Shorter had bled to death anyway, the doctor could not be held liable in this
case.
However, the additional risk of bleeding to death created by the doctor's
negligence is not a risk that should be allocated to the Shorters. If the
Shorters are held to have assumed the risk of death from refusing blood, even
when the blood was required because the doctor was negligent, that is in effect
holding that the Shorters assumed the risk of the doctor's negligence. To
expressly assume the risk of another's conduct, one must have knowledge of the
risk, appreciate and understand its nature, and voluntarily choose to incur it.

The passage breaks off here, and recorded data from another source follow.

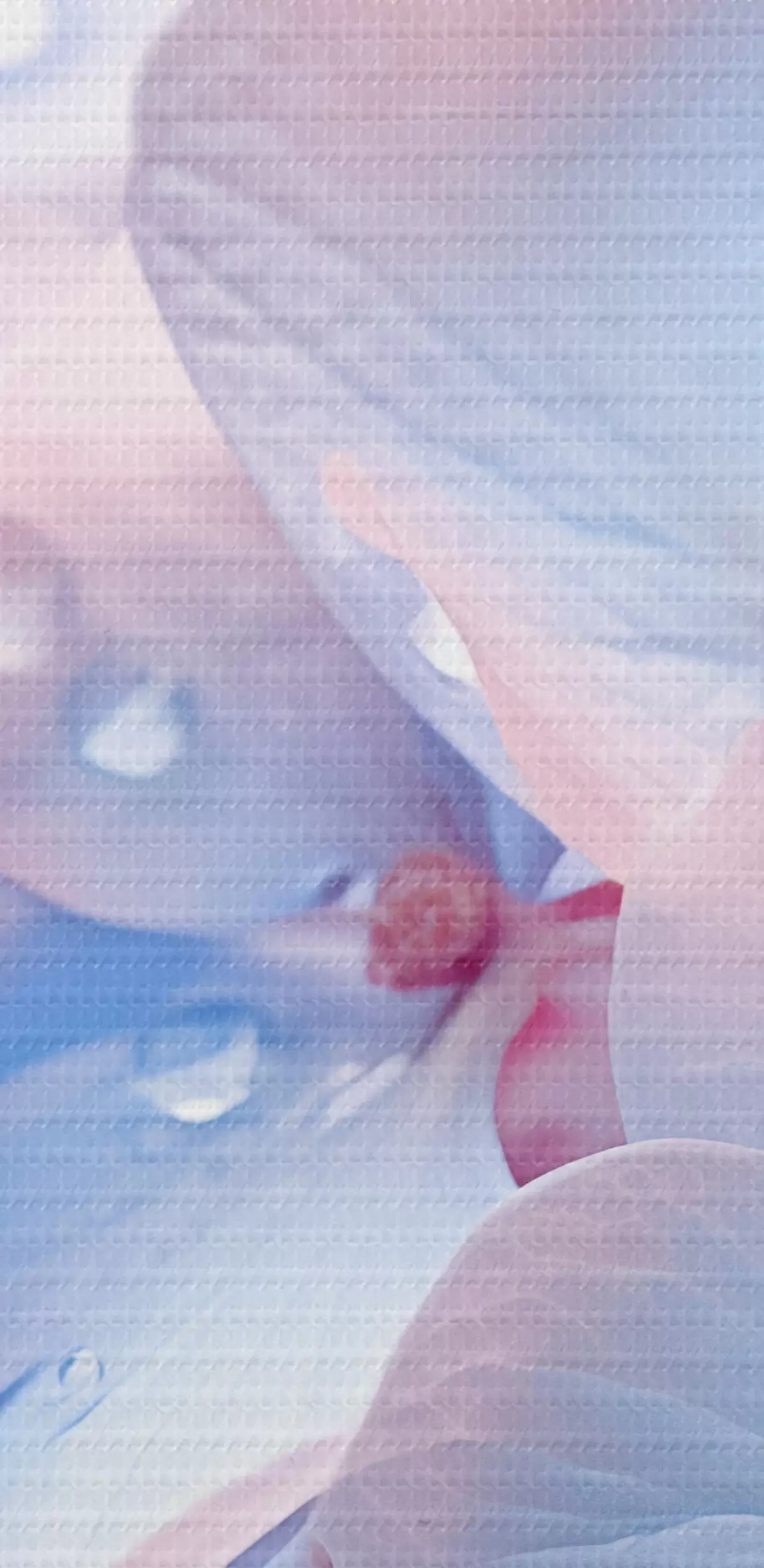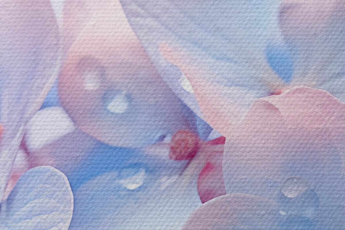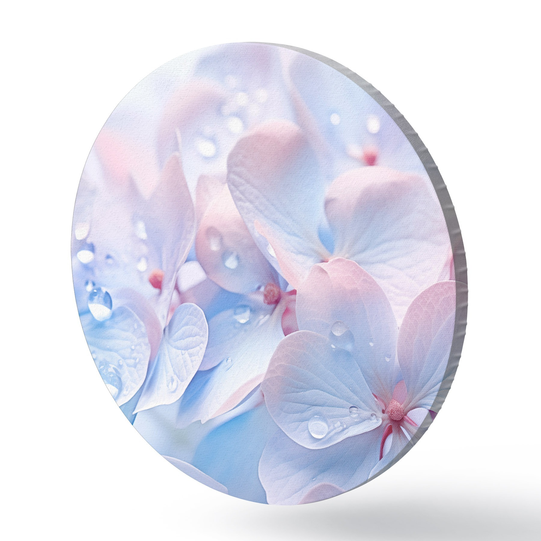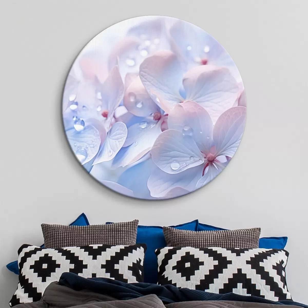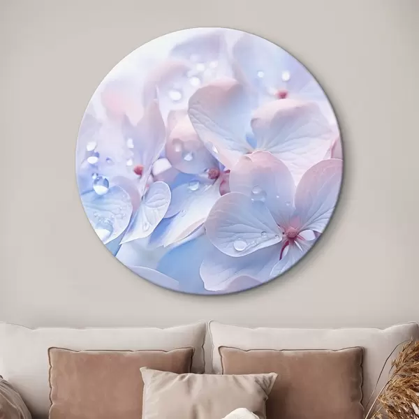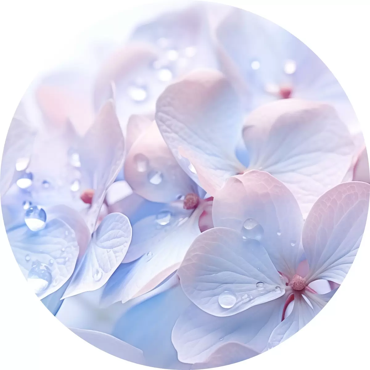 Pilt Hortensialilled veetilkadega õrnadel kroonlehtedel, pehmed pastelsed värvid, helesinised ja roosad toonid Nr r44929
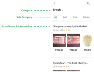 The Categories icons will help users find what they need faster. Tapping on the “Fresh Produce”, “Personal Care”, “Pets”, or even “Home Improvements” icons pulls up a list of relevant stores in the area. Users can now narrow their search further through sub-categories like fresh fruits and vegetables, hair and body care, pet food and treats, and even kitchen and dining essentials, and easily switch between different categories on the same screen.
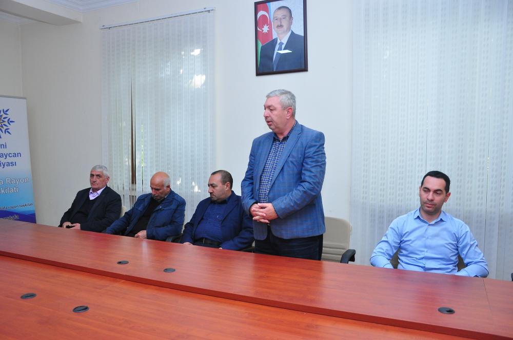 Tədbiri giriş sözü ilə açan “Rafiq Alıcanov 8A” Ərazi Partiya Təşkilatın sədri Elvin Musayev bildirib ki, Yeni Azərbaycan Partiyasının yaranması tarixi hadisə idi. Partiya dövrün zərurətindən və cəmiyyətin aydın, ziyalı təbəqəsinin təşəbbüsü ilə yaradılıb. Yeni Azərbaycan Partiyası tarixin məngənəsindən, taleyin sınağından üzüağ çıxaraq milli məfhuma çevirilib.

W. Keeton, Torts § 68, at 486-87 (5th ed. 1984); Martin v. Kidwiler, supra at
49, 426 P.2d 489. Express assumption of a risk requires assent to both the
specific type and the magnitude of the risk. 57 Am.Jur.2d Negligence § 281, at
674 (1971). Additionally, a person does not have the duty to foresee negligence
when he voluntarily exposes himself to a known risk. See Jones v. Wittenberg
Univ., 534 F.2d 1203 (6th Cir.1976).
Traditional tort analysis forecloses the result reached by the majority because
the evidence in this case is insufficient to support a finding of assumption of
risk by the Shorters. Dr. Drury's negligence greatly increased Mrs. Shorter's
chances of bleeding to death; thus, the "magnitude" of the risk was increased.
The record clearly reflects the fact that the Shorters believed the procedure
was routine. The dangers of performing the D and C were never fully explained to
the Shorters; they were not informed that three methods of accomplishing the
procedure were available, nor were they told that the method Dr. Drury planned
to use was the method most likely to result in uterine perforation and *662
excessive bleeding. The Shorters were merely informed of a generalized risk of
bleeding inherent in the procedure. Awareness of a generalized risk is not
sufficient to prove an express assumption of risk; there must be proof that a
person knew and appreciated the specific hazard that caused the injury. See
Runnings v. Ford Motor Co., 461 F.2d 1145, 1148 (9th Cir.1972); Martin v.
Kidwiler, supra; Klein v. R.D. Werner Co., 98 Wash.2d 316, 654 P.2d 94 (1982).
The majority concedes the Shorters did not expressly assume the risk of the
doctor's negligence. Having decided that, it logically follows that the Shorters
did not expressly assume the risk of bleeding to death as a result of refusing
blood, where the need for such blood resulted from the doctor's negligence
rather than from the risks inherent in the procedure itself.
Accordingly, we come full circle: the Shorters did not assume the risk of
negligence; they similarly did not assume the risk that a refusal of blood,
which was necessitated by that negligence, would cause death. Only through the
most strained analysis can the majority find that the Shorters assumed any risk
here, beyond **126 those risks inherent in a non-negligently performed
procedure.
Thus, the jury could not have found that the Shorters assumed the risk of death
under the facts here. I would hold it was error to submit the assumption of risk
question to the jury.
Accordingly, I would strike the finding that the Shorters assumed the risk of 75
percent of their injury and reinstate the full $412,000 verdict to Mr. Shorter.
See Klein v. R.D. Werner Co., supra at 320, 654 P.2d 94.
DORE, BRACHTENBACH and UTTER, JJ., concur.